Task input>
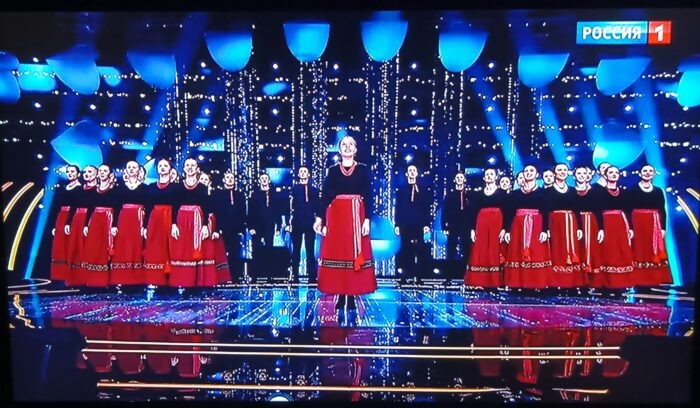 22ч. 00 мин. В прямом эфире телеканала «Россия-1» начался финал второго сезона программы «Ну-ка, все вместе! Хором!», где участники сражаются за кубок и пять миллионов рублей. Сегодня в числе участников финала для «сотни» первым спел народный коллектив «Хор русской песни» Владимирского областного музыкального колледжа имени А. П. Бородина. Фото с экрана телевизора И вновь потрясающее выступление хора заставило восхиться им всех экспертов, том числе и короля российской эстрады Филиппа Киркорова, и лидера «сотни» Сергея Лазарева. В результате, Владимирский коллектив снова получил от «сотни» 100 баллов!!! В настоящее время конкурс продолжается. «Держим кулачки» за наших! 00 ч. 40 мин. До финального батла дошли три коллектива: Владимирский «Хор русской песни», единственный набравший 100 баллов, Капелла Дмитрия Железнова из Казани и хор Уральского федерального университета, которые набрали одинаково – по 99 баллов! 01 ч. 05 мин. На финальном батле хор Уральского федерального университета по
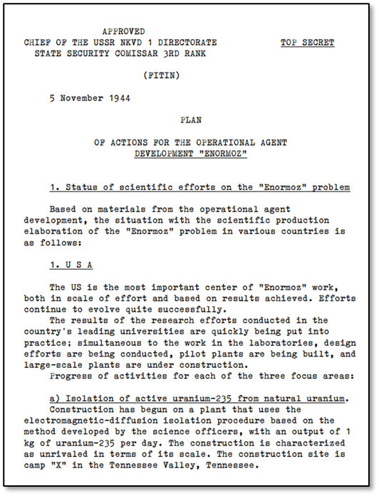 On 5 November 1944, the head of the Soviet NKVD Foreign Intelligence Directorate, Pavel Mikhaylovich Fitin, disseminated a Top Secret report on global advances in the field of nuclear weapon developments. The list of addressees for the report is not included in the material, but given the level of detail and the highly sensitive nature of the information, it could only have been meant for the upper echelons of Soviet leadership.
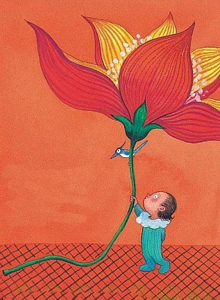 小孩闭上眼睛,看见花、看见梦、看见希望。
==
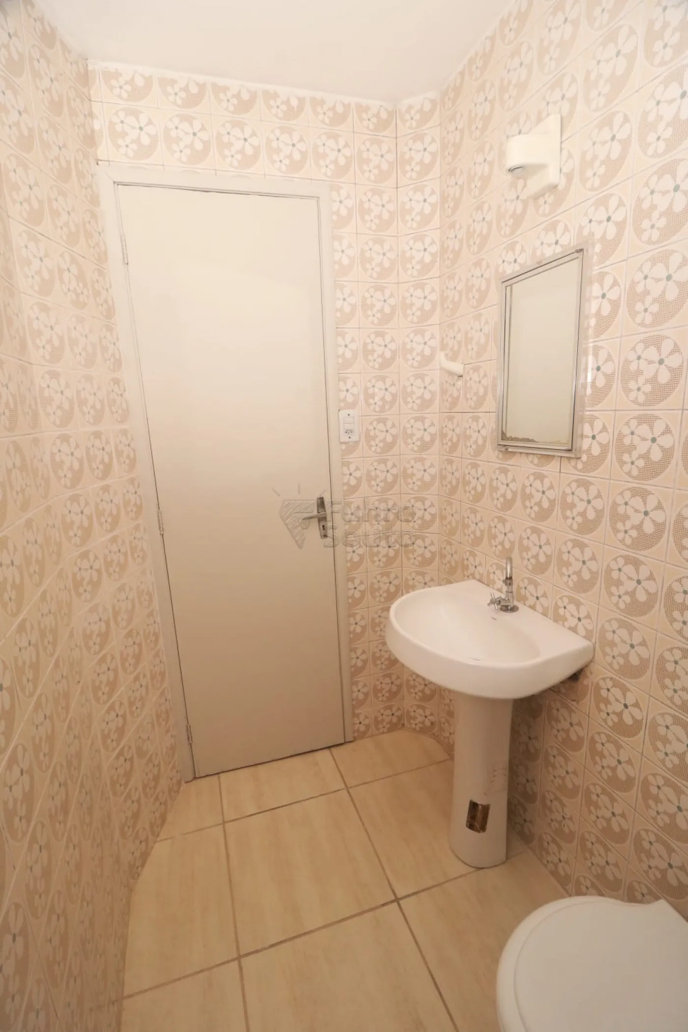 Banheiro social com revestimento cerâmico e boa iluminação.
==
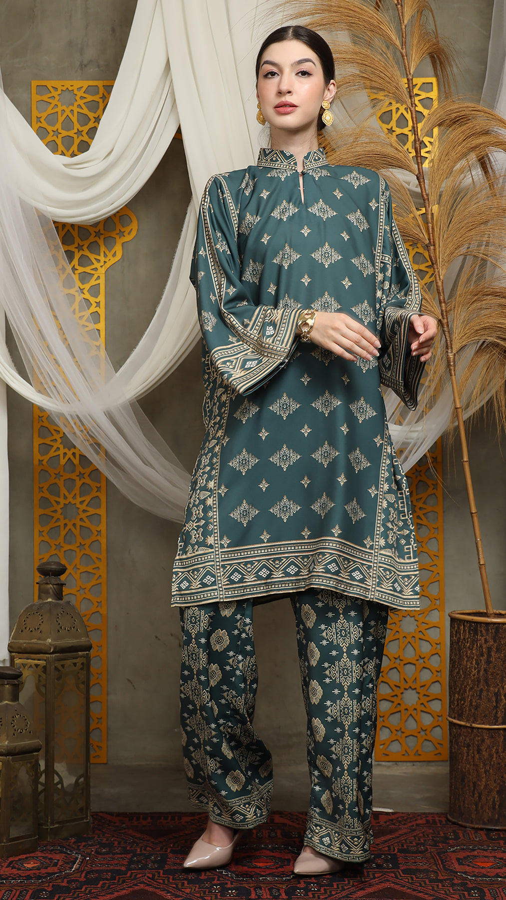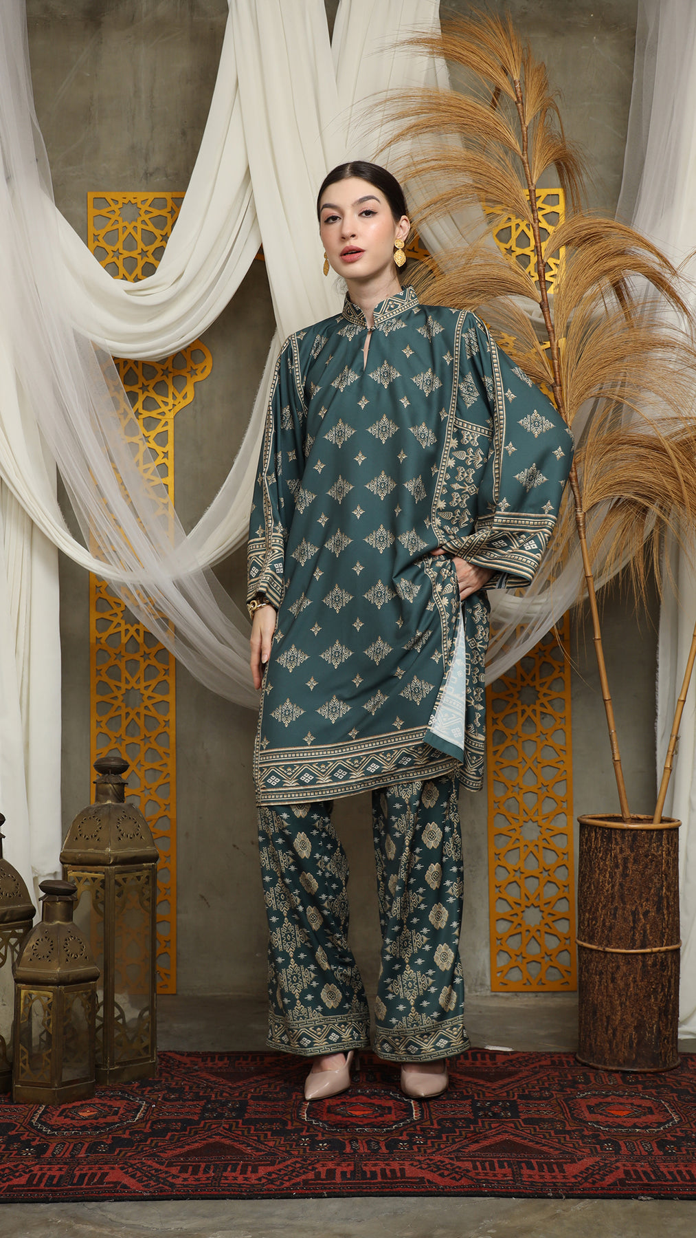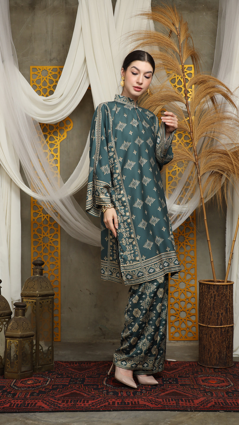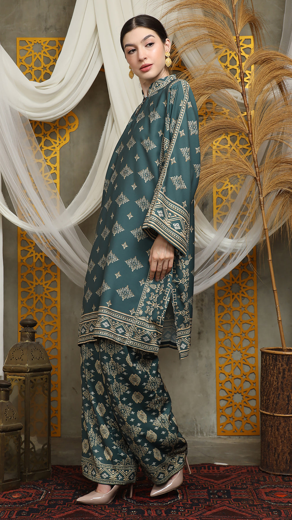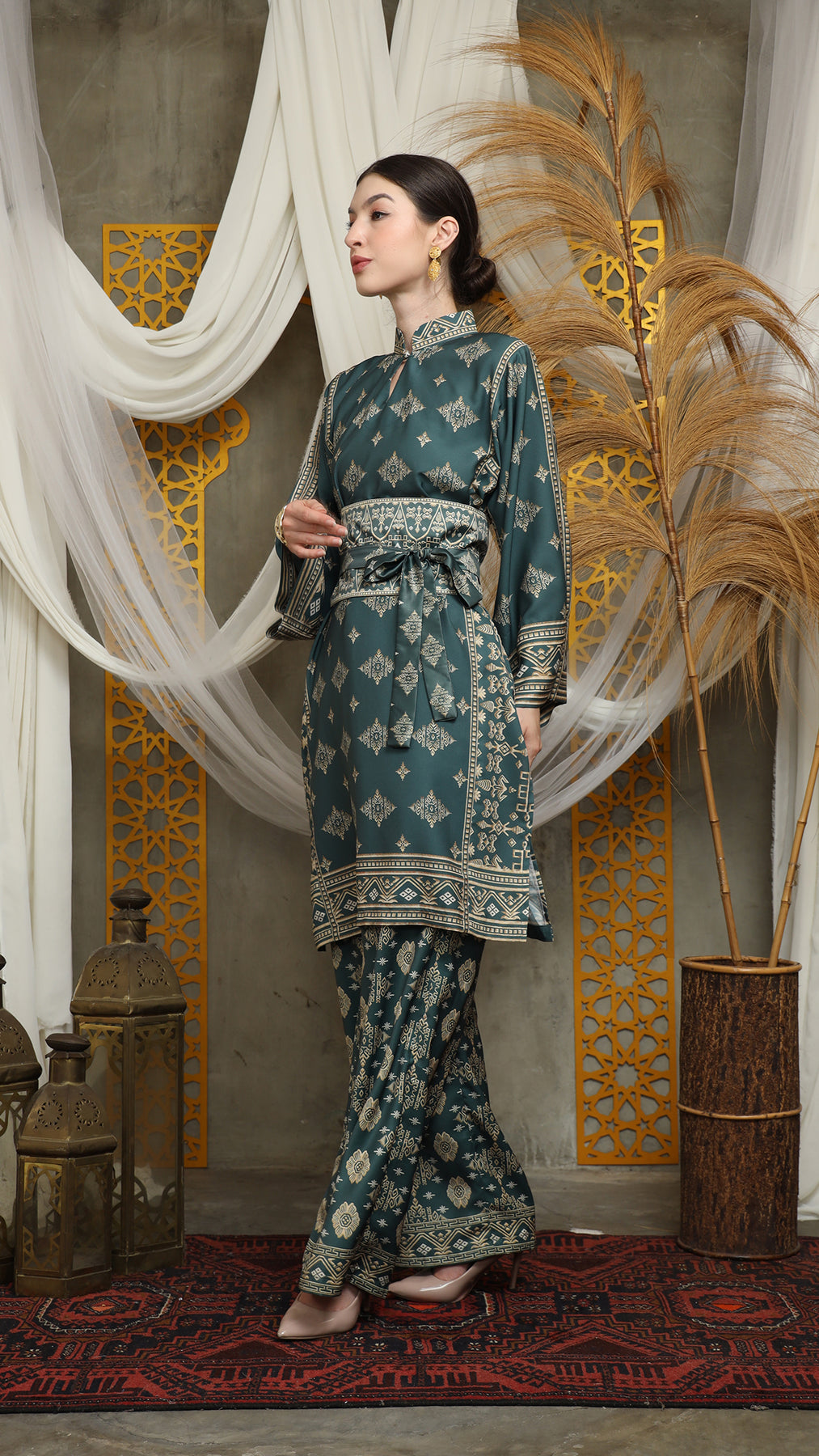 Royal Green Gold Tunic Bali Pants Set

Work order>
Leaving out each picture, repeat exactly the lines above from the one that contains "22ч. 00 мин." through the one that contains "小孩闭上眼睛,看见花、看见梦、看见希望。".

Expected answer>
 22ч. 00 мин. В прямом эфире телеканала «Россия-1» начался финал второго сезона программы «Ну-ка, все вместе! Хором!», где участники сражаются за кубок и пять миллионов рублей. Сегодня в числе участников финала для «сотни» первым спел народный коллектив «Хор русской песни» Владимирского областного музыкального колледжа имени А. П. Бородина. Фото с экрана телевизора И вновь потрясающее выступление хора заставило восхиться им всех экспертов, том числе и короля российской эстрады Филиппа Киркорова, и лидера «сотни» Сергея Лазарева. В результате, Владимирский коллектив снова получил от «сотни» 100 баллов!!! В настоящее время конкурс продолжается. «Держим кулачки» за наших! 00 ч. 40 мин. До финального батла дошли три коллектива: Владимирский «Хор русской песни», единственный набравший 100 баллов, Капелла Дмитрия Железнова из Казани и хор Уральского федерального университета, которые набрали одинаково – по 99 баллов! 01 ч. 05 мин. На финальном батле хор Уральского федерального университета по
 On 5 November 1944, the head of the Soviet NKVD Foreign Intelligence Directorate, Pavel Mikhaylovich Fitin, disseminated a Top Secret report on global advances in the field of nuclear weapon developments. The list of addressees for the report is not included in the material, but given the level of detail and the highly sensitive nature of the information, it could only have been meant for the upper echelons of Soviet leadership.
 小孩闭上眼睛,看见花、看见梦、看见希望。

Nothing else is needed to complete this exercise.